[英]Apply a function on all possible combination of columns in a dataframe in Python — Better way
What i am trying to do is to apply a linear regression using statsmodels.api for all possible pairwise columns combinations of a Dataframe. 我想做的是使用statsmodels.api对数据框的所有可能的成对列组合应用线性回归。
I was able to do it for the following code : 我能够做到以下代码:
For the dataframe df : 对于数据框df :
import statsmodels.api as sm
import numpy as np
import pandas as pd
#generate example Dataframe
df = pd.DataFrame(abs(np.random.randn(50, 4)*10), columns=list('ABCD'))
#extract all possible combinations of columns by column index number
i, j = np.tril_indices(df.shape[1], -1)
#generate a for loop that creates the variable an run the regression on each pairwise combination
for idx,item in enumerate(list(zip(i, j))):
exec("model" + str(idx) +" = sm.OLS(df.iloc[:,"+str(item[0])+"],df.iloc[:,"+str(item[1])+"])")

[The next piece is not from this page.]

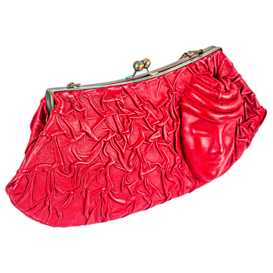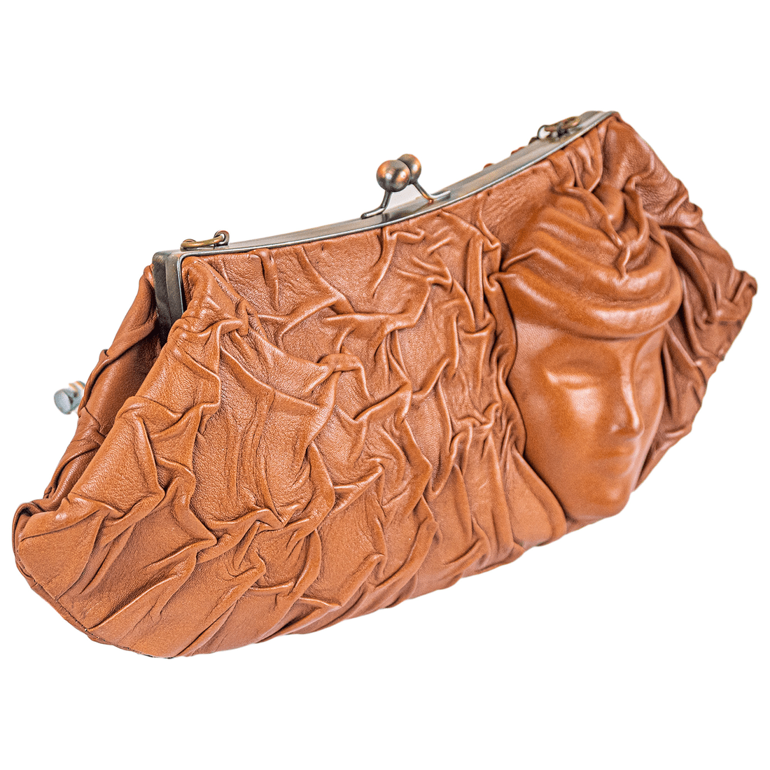 Genunine leather clutch purse with face embellishment. This arty leather Clutch Bag has a uniquely handcrafted woman's face on the front. The bag comes with a beautiful brass shoulder strap of 16"" drop which can be inserted inside for a hand clutch. Inside satin lining and a wall zipper pocket. Back side with crinkled texture of leather.

exec("regre_result" + str(idx) +" = model" + str(idx)+".fit()")
regre_result0.summary()
OLS Regression Results
Dep. Variable: B R-squared: 0.418
Model: OLS Adj. R-squared: 0.406
Method: Least Squares F-statistic: 35.17
Date: Tue, 09 Jan 2018 Prob (F-statistic): 3.00e-07
Time: 14:16:25 Log-Likelihood: -174.29
No. Observations: 50 AIC: 350.6
Df Residuals: 49 BIC: 352.5
Df Model: 1
Covariance Type: nonrobust
coef std err t P>|t| [0.025 0.975]
A 0.7189 0.121 5.930 0.000 0.475 0.962
Omnibus: 14.290 Durbin-Watson: 1.828
Prob(Omnibus): 0.001 Jarque-Bera (JB): 16.289
Skew: 1.101 Prob(JB): 0.000290
Kurtosis: 4.722 Cond. No. 1.00
It works, but i imagine there is an easier way to achieve similar results, anybody can point me the best way to achieve it ? 它可以工作,但是我想有一种更简单的方法可以达到类似的结果,有人可以指出我实现这一目标的最佳方法吗?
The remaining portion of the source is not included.